* **WHAT YOU HAVE TO DO**
Please print, exactly, only the lines in the entries below from the line that has "Макияж с блестками" through the line that has "MTC也是聚币的重要项目,价格从高点跌了99.9%,等于归零了。". Pictures don't go in.

* **Stored records**
********

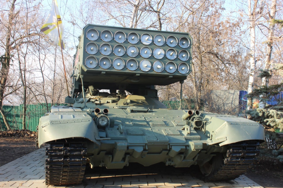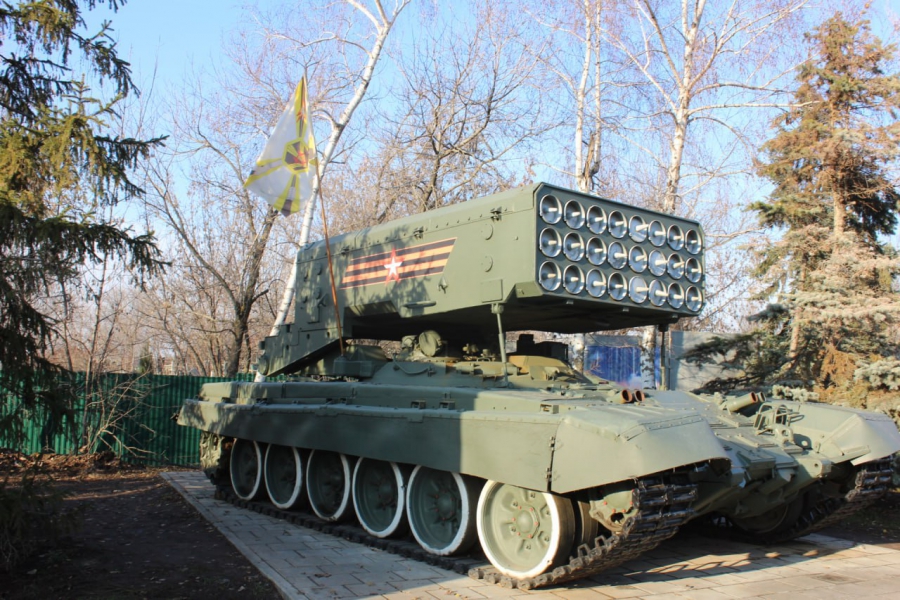 Кроме того, в Парке Победы располагается тяжелая огнеметная система «Солнцепек». Она предназначена для того, чтобы выводить из строя легкобронированную технику, а также для уничтожения живой силы противника на открытой местности и в фортификационных сооружениях. Эту систему используют, в частности, саратовские военнослужащие в зоне СВО.
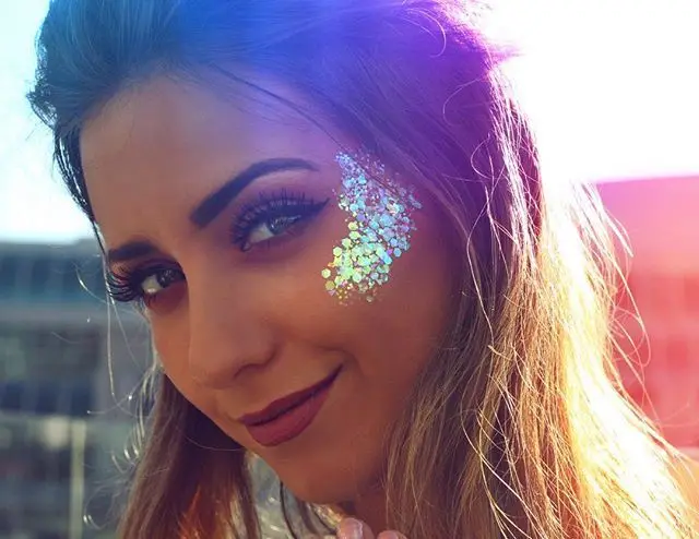 Макияж с блестками годится не только для вечеринки, но и для повседневной жизни. Сияющие частицы можно использовать над и под глазами, украсить ими стрелки, губы, скулы или брови. Уместнее всего такой мейкап смотрится на тематических и вечерних мероприятиях без строгого дресс-кода. Также благодаря разному виду блесток можно выбрать нейтральные по цвету и в небольшом количестве носить их и в офис, если регламент компании это позволяет.
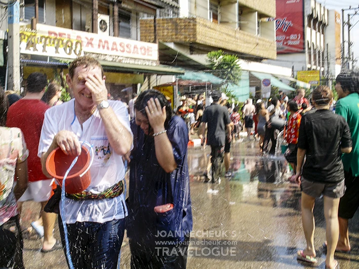 抱好玩的心看待,不要因被淋濕生氣,接受傳統泰國新年向他人祝福。
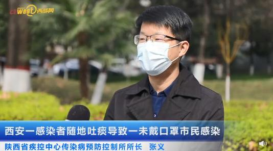 3月10日,西安市报告1例确诊病例,因没有佩戴口罩,碰巧从另一名正处于发病期的感染者吐的一口痰旁经过,导致了感染。
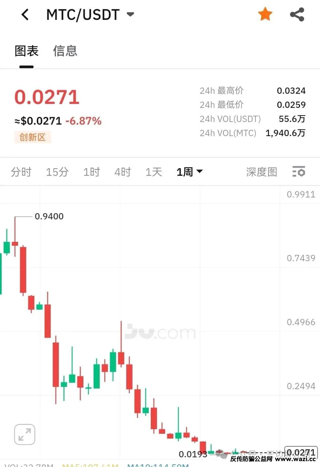 MTC也是聚币的重要项目,价格从高点跌了99.9%,等于归零了。
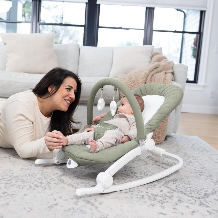 Your little one can comfortably lounge, rock, bounce, and play in the Baby Delight Aura Deluxe Rocker/Bouncer. Whether they are looking to gently bounce or rock, they will be happily entertained while playing with the two included plush toys! The 2-position recline option, combined with the sound and vibration unit, will surely soothe your baby while giving your arms a bit of a rest. The 3-point harness and breathable mesh inset provide your little one with a safe space while providing you with some peace of mind. And because style matters, the Aura was created with a premium, plush, Charcoal Tweed fabric that was designed to go in any home’s aesthetic. It can also be removed quickly and easily for machine washing. When you are ready to travel (or store the Aura), it folds up quickly with the push of two buttons.
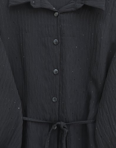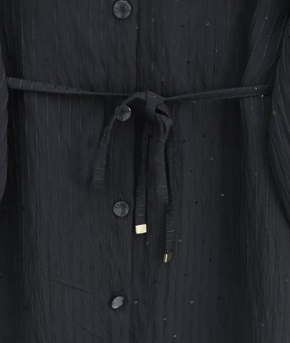 Beli Kemerli Dikiş Ve Pul Detaylı Düğmeli Gömlek -Siyah
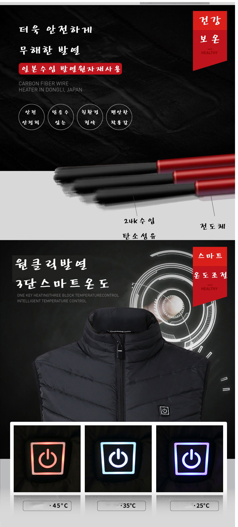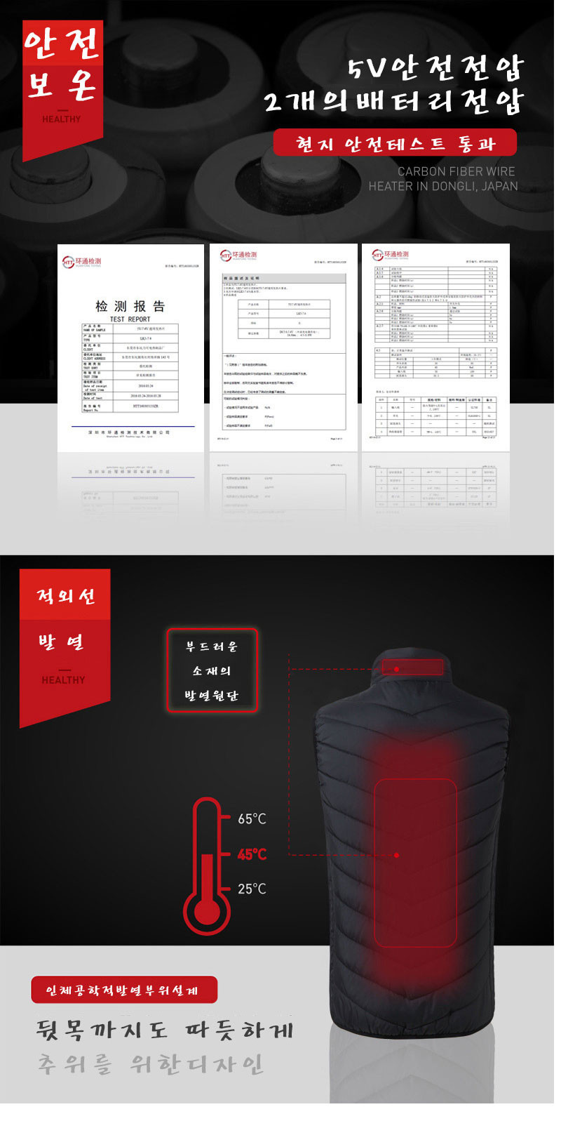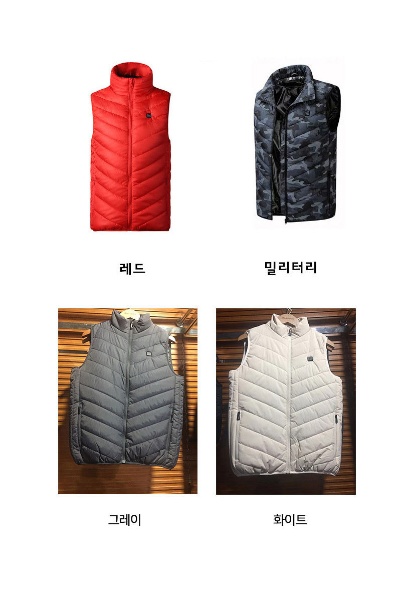 USB 발열 조끼 온열 열선 방한 보온 패딩 빅사이즈 S~6XL
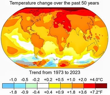 Now, here’s the thing. If you’ve got this far, you will have read my above statement: ‘It’s no surprise that the land is heating more quickly than the oceans since it has a lower heat capacity, i.e. it’s easier to heat up.’ Let’s turn that round. ‘It’s astounding - no, frightening - that the oceans around the UK in June 2023 heated up more than the land.’ Because to raise the temperature of water requires a colossal amount of heat. 90% of the excess heat generated by man’s activities is absorbed by the oceans causing them to warm very slowly. So raising the surface waters by 4-5°C must have involved astronomic amounts of excess heat. If this continues, scientists are concerned that ocean currents may change course. Ocean currents determine our climate.
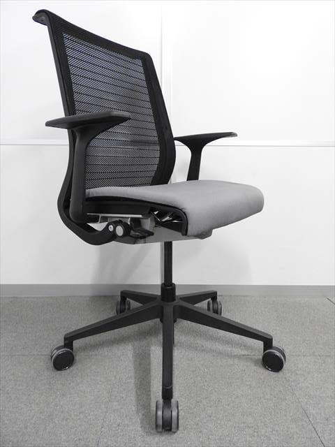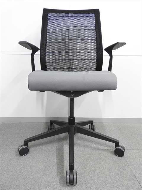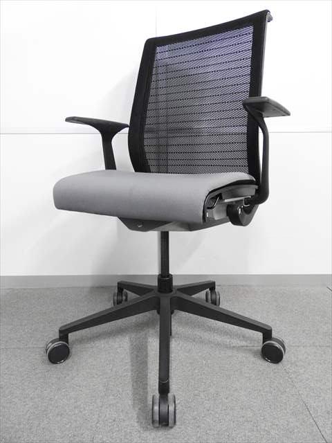 【長時間座る人のための椅子!】■スチールケース製 シンクチェア 肘付 グレー 3Dニット ■自動調整機能で快適な座り心地!.- 川崎店
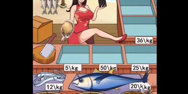 1、首先将第一个带鱼放置5/kg、第二个河豚给大嫂擦鞋用、第三个金枪鱼放置50/kg、第四个小鱼放置后面的挂架10/kg;
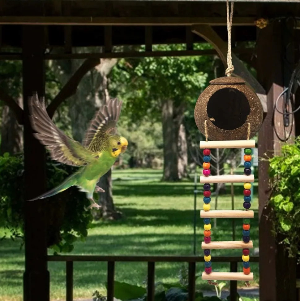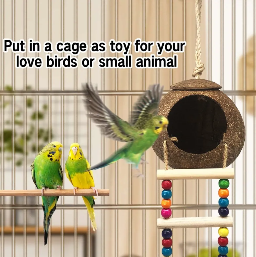 ???? MAISON D’OISEAU EN FIBRE DE COQUES DE NOIX DE COCO NATURELLES ????La maison d’oiseau est fabriquée à partir d’un des matériaux les plus résistants naturels, la coque de noix de coco, garantissant sa durabilité et sa sécurité. Elle se connecte facilement à la cage grâce à un crochet métallique. Les charmants perles colorées attireront les oiseaux de loin. ????⚡️ DIMENSIONS DE LA CAGE D’OISEAU ⚡️Le nid en fibre de noix de coco a un diamètre d’ouverture de 7,6 cm, un diamètre de coquille de noix de coco d’environ 13 cm et une longueur d’échelle d’environ 27,5 cm, largeur de 9,9 cm. Étant fait à la main, une erreur de mesure de 1 – 2 cm est admise. ???????? PARFAIT POUR UN NID D’OISEAU ????Stérilisé, ce nid en coque de noix de coco est parfait pour votre animal de compagnie. Il convient aux perroquets, perruches, pinsons, canaris, oiseaux chanteurs, colibris, perruches et autres petits oiseaux. De plus, les hamsters, rats, crabes errants et furets adorent ce produit. ???????????? HABITAT PARFAIT ????La boîte de nidification peut stocker de la nourriture et des graines. C’est le refuge préféré des perruches. Contrairement aux autres maisons d’oiseaux, la maison d’oiseau en coque de noix de coco ne moisira jamais. Sa composition naturelle et non traitée la rend très attrayante pour vos animaux. Quand il fait froid, vous pouvez mettre de l’herbe dans le nid, les oiseaux seront très au chaud. ???????? PLATEFORME D’ACTIVITÉ ????Le jouet pour oiseau en noix de coco est composé d’une échelle en corde de bois rugueuse, offrant un paysage riche et texturé qui encourage l’exercice des pattes et du bec de votre oiseau. Cela aide également à usurer les griffes qui croissent continuellement pour maintenir la santé de votre oiseau. ????

********

* **ANSWER BOX**
 Макияж с блестками годится не только для вечеринки, но и для повседневной жизни. Сияющие частицы можно использовать над и под глазами, украсить ими стрелки, губы, скулы или брови. Уместнее всего такой мейкап смотрится на тематических и вечерних мероприятиях без строгого дресс-кода. Также благодаря разному виду блесток можно выбрать нейтральные по цвету и в небольшом количестве носить их и в офис, если регламент компании это позволяет.
 抱好玩的心看待,不要因被淋濕生氣,接受傳統泰國新年向他人祝福。
 3月10日,西安市报告1例确诊病例,因没有佩戴口罩,碰巧从另一名正处于发病期的感染者吐的一口痰旁经过,导致了感染。
 MTC也是聚币的重要项目,价格从高点跌了99.9%,等于归零了。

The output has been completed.